You can also use variables as indices, and even calculations or function calls. You must make sure, however, that calculations result in integers, because you cannot use floats as indices. Below are some examples, most of which are so convoluted that I do not see any reason to incorporate them like this in a program. But they show what is possible.

from math import sqrt

fruit = "orange"
x = 3

print( fruit[3-2] )
print( fruit[int( sqrt( 4 ) )] )
print( fruit[2**2] )
print( fruit[int( (x-len( fruit ))/3 )] )
print( fruit[-len( fruit )])
print( fruit[-x] )

In principle, you can also use an index with the actual string rather than a variable that contains it, e.g., "orange"[2] is the letter "a". For obvious reasons no one ever does that, though.

Besides using single indices you can also access a substring (also called a “slice”) from a string by using two numbers between the square brackets with a colon (:) in between. The first of these numbers is the index where the substring starts, the second where it ends. The substring does not include the letter at the second index. By leaving out the left number you indicate that the substring starts at the beginning of the string (i.e., at index 0). By leaving out the right number you indicate that the substring ranges up to and includes the last character of the string.

If you try to access a character using an index that is beyond the reaches of a string, you get a runtime error (“index out of bounds”). For a range of indices to access substrings such limitations do not exist; you can use numbers that are outside the bounds of the string.

fruit = "orange"
print( fruit[:] )
print( fruit[0:] )
print( fruit[:6] )
print( fruit[:100] )
print( fruit[:len( fruit )] )
print( fruit[1:-1] )
print( fruit[2], fruit[1:6] )

Traversing strings

I already explained how you can traverse the characters of a string using a for loop:

fruit = 'apple'
for char in fruit:
    print( char, '- ', end='' )

Now you know about indices, you probably realize you can also use those to traverse the characters of a string:

fruit = 'apple'

for i in range( 0, len( fruit ) ):
    print( fruit[i], "- ", end="" )
print()

i = 0
while i < len( fruit ):
    print( fruit[i], "- ", end="" )
    i += 1

If you just want to traverse the individual characters of a string, the first method, using for <character> in <string>:, is by far the most elegant and readable. However, occasionally you have to solve problems in which you might prefer one of the other methods.

Write code that for a string prints the indices of all of its vowels (a, e, i, o, and u). This can be done with a for loop or a while loop, though the while loop is more suitable.

Write code that uses two strings. For each character in the first string that has exactly the same character at the same index in the second string, you print the character and the index. Watch out that you do not get an “index out of bounds” runtime error. Test it with the strings "The Holy Grail" and "Life of Brian".

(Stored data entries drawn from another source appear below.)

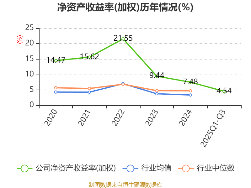盈利能力方面, 2025年前三季度公司加权平均净资产收益率为4.54%,同比下降1.08个百分点。公司2025年前三季度投入资本回报率为4.37%,较上年同期下降0.87个百分点。
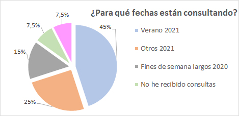 - La mayoría de las consultas y cotizaciones que reciben las empresas (45%) son para viajar durante el verano de 2021, mientras que solo un 15% es para fines de semana largos de este año.
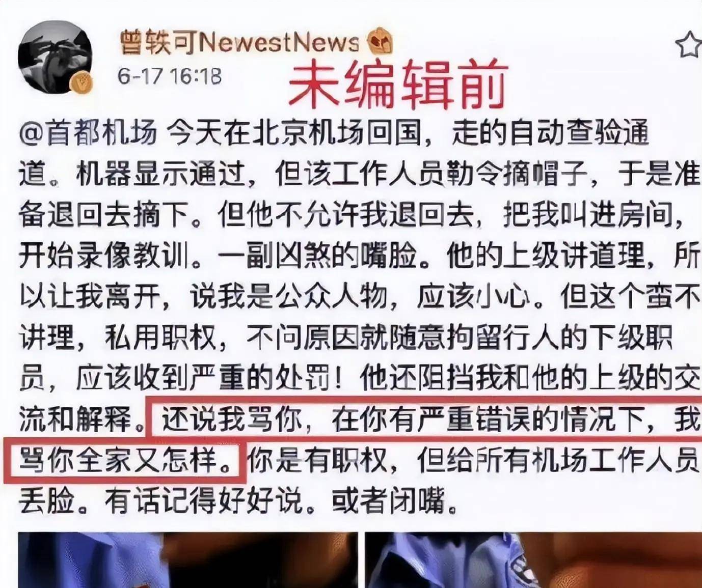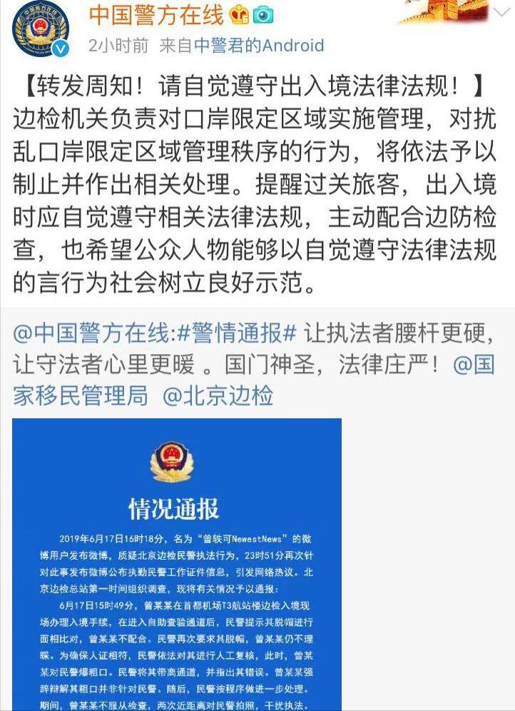 事故发酵后,北京边检官方微博发外了传递,无缺还原了事项的总计毕竟,真切指出曾轶可不单不配合安检,还存正在詈骂民警的动作。
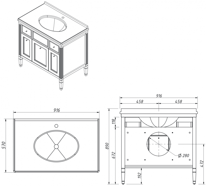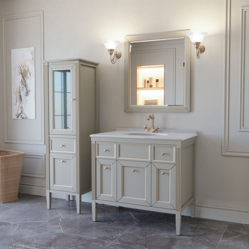 Тумба ALBION 90 — это вместительное и функциональное решение для ванной комнаты, предназначенное для установки со столешницей. Модель отличается просторными отделениями для хранения и классическим дизайном.

Write a function that takes a string as argument, and creates a new string that is a copy of the argument, except that every non-letter is replaced by a space (e.g., "ph@t l00t" is changed to "ph t l t"). To write such a function, you will start with an empty string, and traverse the characters of the argument one by one. When you encounter a character that is acceptable, you add it to the new string. When it is not acceptable, you add a space to the new string. Note that you can check whether a character is acceptable by simple comparisons. For example, any lower case letter can be found using the test if ch >= 'a' and ch <= 'z':.

Extended slices

Slices in python can take a third argument, which is the step size (or “stride”) that is taken between indices. It is similar to the third argument for the range() function. The format for slices then becomes <string>[<begin>:<end>:<step>]. By default the step size is 1.

The most common use for the step size is to use a negative step size in order to create a reversed version of a string.

fruit = "banana"
print( fruit[::2] )
print( fruit[1::2] )
print( fruit[::-1] ) 
print( fruit[::-2] ) 

Reversing a string using [::-1] is conceptually similar to traversing the string from the last character to the beginning of the string using backward steps of size 1.

fruit = "banana"
print( fruit[::-1] )
for i in range( 5, -1, -1 ):
    print( fruit[i] )